Впереди - вожачок, он ведет их, подводит к воде, молча станут и смотрят под ноги.
Развернулся, пошли: у обрыва стоят.
Взад-вперед - в этих ветхих, облезлых тулупчиках - бесконечно, назад и вперед, и назад и...
Она вдруг обернулась и порывисто скользнула ко мне, ткнувшись, подобранными коленями и прижатыми к груди кулачками, прячась влажным лицом у меня под щекой.
Глава шестая
Расплелись мы к рассвету, встали, пошатываясь, и, накидав в рюкзак вещей на два-три дня, вышли. У двери - знакомый наш водяной, ашрамный водочерпий, сидел на деревянном помосте, прильнув щекой к возвышавшемуся над ним кувшину, додремывая. Намосты!
Не успели мы пройти и нескольких шагов, как к нам снова подмылился этот тип, ежедневно караулящий нас, этот банный лист с подобострастно гермафродитным голосом.

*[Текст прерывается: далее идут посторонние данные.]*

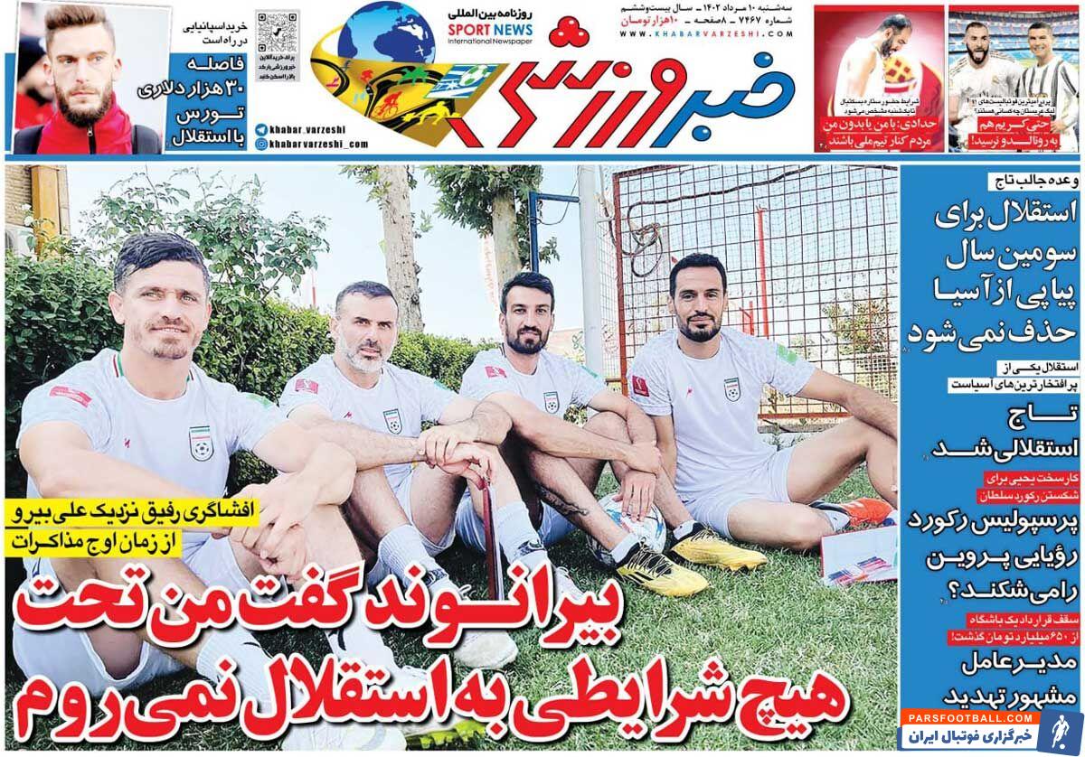 مرور عناوین مهم روزنامه خبر ورزشی سه شنبه 10 مرداد ماه سال 1401
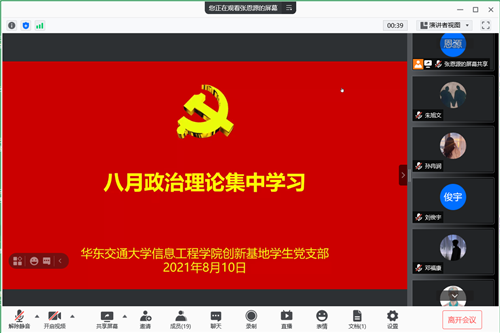 创新基地学生党支部组织了八月政治理论集中学习会。由于正值暑假期间,此次会议在线上进行。

Торговала эта женоподобная тушка на изгибе нашей улочки сувенирным сандалом и полудрагоценными камешками. Завидев нас, он всякий раз выбегал из-за своего лотка и, семеня впереди нас, путаясь под ногами, услужливо поскуливал, пытаясь поймать встречный взгляд: "Сэр! Сэр, купите у меня что-нибудь, Вы же обещали! Да, хорошо, не сегодня, почему не сегодня, как жизнь? как ночь (в смысле - как мы спали)?" И, выпросив сигаретку, отставал от нас на следующем повороте.
Было больно глядеть, как этот жиденький человек, этот сорняк, занесенный сюда каким-то не индийским ветром, тщетно старается уцепиться здесь хоть за что-нибудь, за кого-нибудь, и как этот мир брезгливо стряхивает его с себя.

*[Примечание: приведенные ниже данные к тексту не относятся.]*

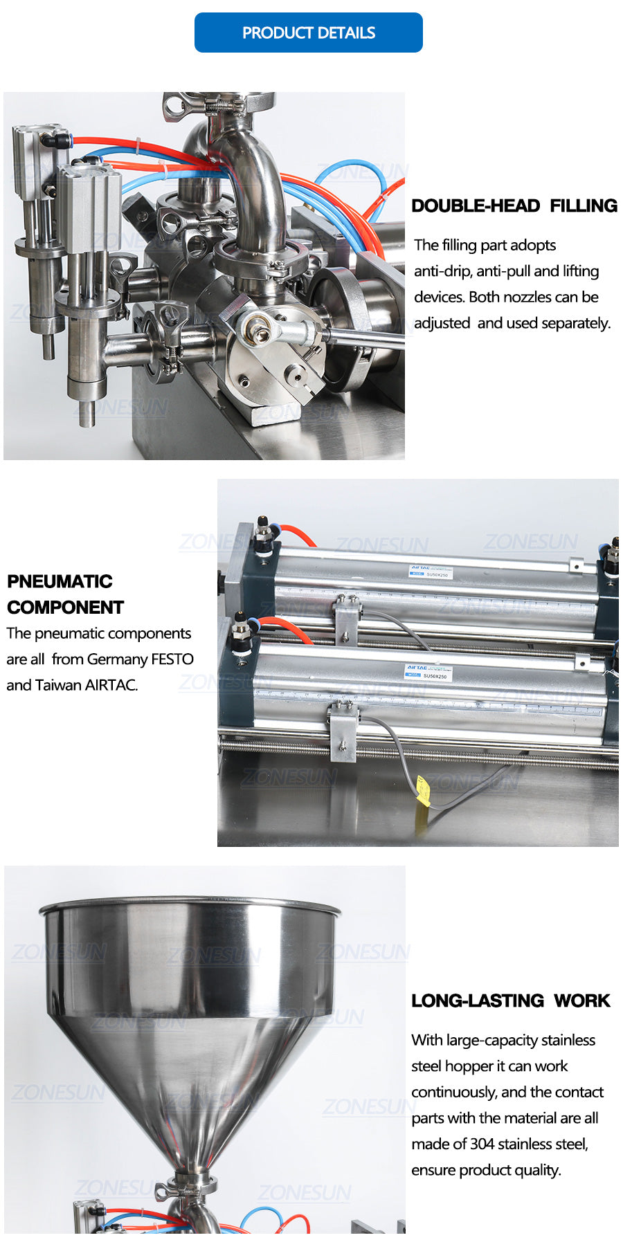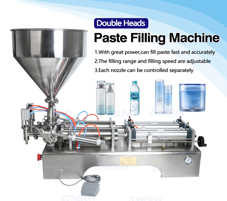 This paste filling machine is suitable for thick liquid like shampoo.honey,curry paste,tomato paste,lotion etc.The filling range and filling speed can be adjusted according to production need.There are two nozzles,each nozzle can be controlled separately.
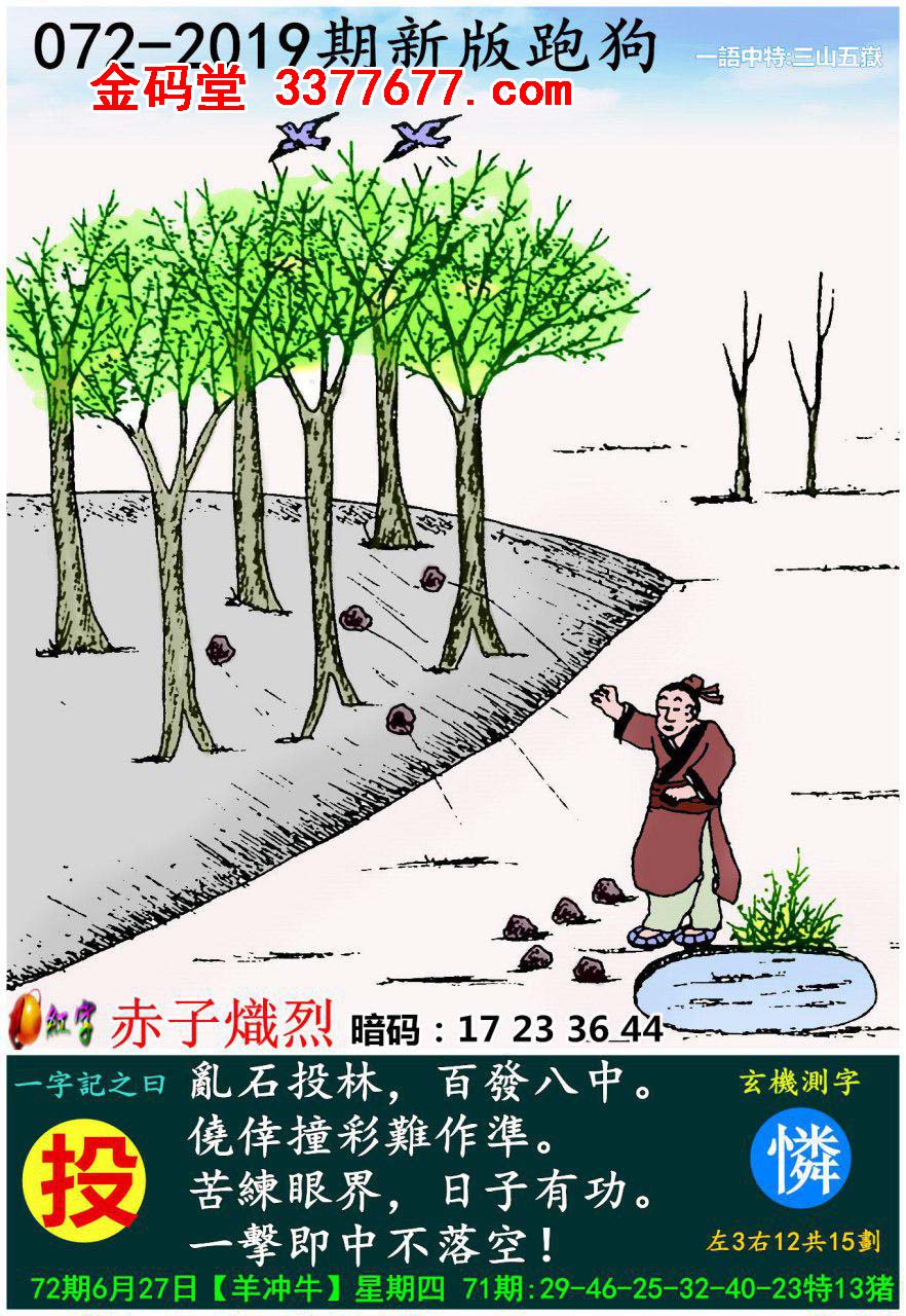 主题 : 072期:新版跑狗一字記之曰【投】玄機測字:《憐》
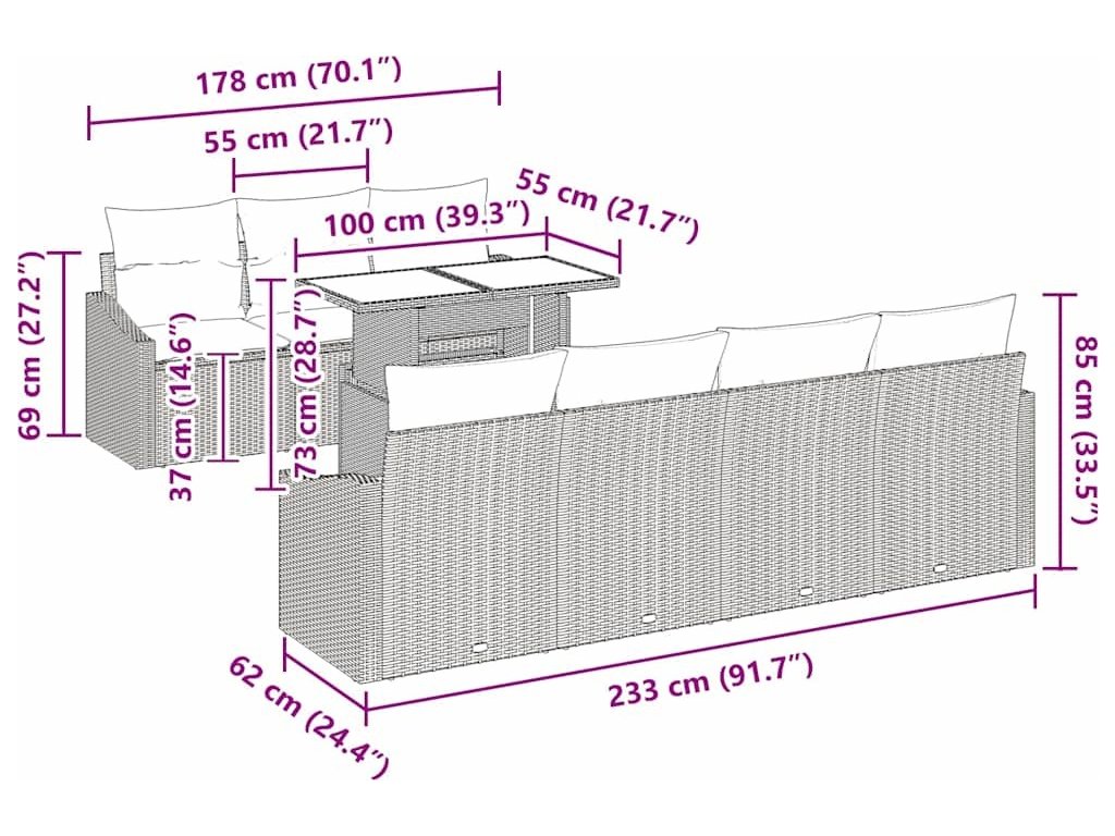 - Materiál z poly ratanu: Tato zahradní souprava je z pevného poly ratanu, který odolává špatnému počasí a UV záření. Ručně tkaná textura dodává vašemu venkovnímu prostoru styl, zatímco zaručuje dlouhou životnost napříč sezónami.

И от этого чувства брезгливости - столь несуразного здесь - и самим становилось неловко. И вдвойне оттого, что он явно и сам это переживал - это ныло в каждом его движении: не в своей тарелке, не в своей тарелке, то и дело выуживаемый из нее и стравливаемый на ободок.
И эту свою кислящую неприкаянность он маял в глазах, ощущая всем весом и ростом, чураемым за версту, - был он похож на ходячий рыбий пузырь, чуть проколотый, одутловатый и мутный, с женоподобной головкой. Отлип.

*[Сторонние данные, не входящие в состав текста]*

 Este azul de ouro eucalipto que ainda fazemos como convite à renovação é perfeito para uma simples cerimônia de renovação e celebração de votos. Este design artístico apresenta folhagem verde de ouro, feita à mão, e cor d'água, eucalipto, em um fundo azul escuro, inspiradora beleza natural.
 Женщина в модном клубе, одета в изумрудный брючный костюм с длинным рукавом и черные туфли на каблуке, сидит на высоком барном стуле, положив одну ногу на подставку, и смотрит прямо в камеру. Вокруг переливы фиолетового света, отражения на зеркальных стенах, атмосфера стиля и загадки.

Выйдя на торговый пятачок, минуя стоянку такси с машинами, разбросанными вповалку в рытвинах меж деревьями и босыми ногами извозчиков, выпростанными из распахнутых дверей, мы привычно повернули головы к хлипкому деревянному навесу стоянки, где на скамье лежала эта куколка безвременья с отроческим тысячелетним лицом, развернутым к копошливо гудящей улице.
Трудно сказать, видел ли он ее, нас, всякий раз проходя помахивающих ему рукой. Трудно сказать, когда эта ветхая куколка, превратившись в бабочку, упорхнет со скамейки - еще через тысячелетье?
Ксения отвильнула к нему и, потоптавшись у этого летаргического лучика, подоткнула ему под плечо жменьку купюр, зажатых в ее ладони.
Перед петлистой лестницей, уже отороченной нищими, где у каждого была своя ступень, с уже доносящимся их чресполосным хором: хари ом, хари ом, что слышалось как харьём-харьём, разумеется, нашим, всей той толчеи, которая продвигалась мимо их рук под разноголосый цокот их алюминиевых кружек и мисок, перед лестницей у нашего неизменного лотошника мы купили по раздетому огурцу, нежно четвертованному продольно с выжатым внутрь лимоном и напудренному солоноватой присыпкой.
В устье лестницы, рядом с лотошником, пустынно прокручивалась на ветру детская карусель. Ничья. У дороги. С ярко выкрашенными, облущенными животными и людоподобными тихоглазыми божками, стоящими на четвереньках. Ксения всякий раз замирала у этой поскрипывающей карусели, беззащитно посасывая огурец.
Лестница, мотнувшись из стороны в сторону, защемлялась между домами; это вьющееся верх ущельице было торговым пассажем, где фасадные стены лепящихся друг к другу построек отсутствовали, открывая жилые пространства с вывешенным и выложенным у порога товаром, за которым в мерцающей глубине шла будничная бытовая жизнь; женщины струились у зеркал, глубоководные дети, жмурясь, всплывали с белесого дна кроваток, сплетались лоскутья огня в очаге.
Выйдя на дорогу, мы заглянули к Джаянту. В этой теплой веселой опеке над нами он, похоже, нуждался не меньше, чем мы. А для нас она была домом родным. Сказочную карту, нарисованную им для нашей поездки в Гонготри с подробными комментариями на обороте (налево пойдешь -, направо пойдешь -, где и какую еду обретешь, а какую есть нежелательно, где слаще спать и сколько платить, и что делать в том случае, если сундук не на дубе, - и прочая, прочая), мы, по возвращении, аккуратно вложили в книгу (в Юнга), решив сохранить ее как последнего свидетеля человеколюбия.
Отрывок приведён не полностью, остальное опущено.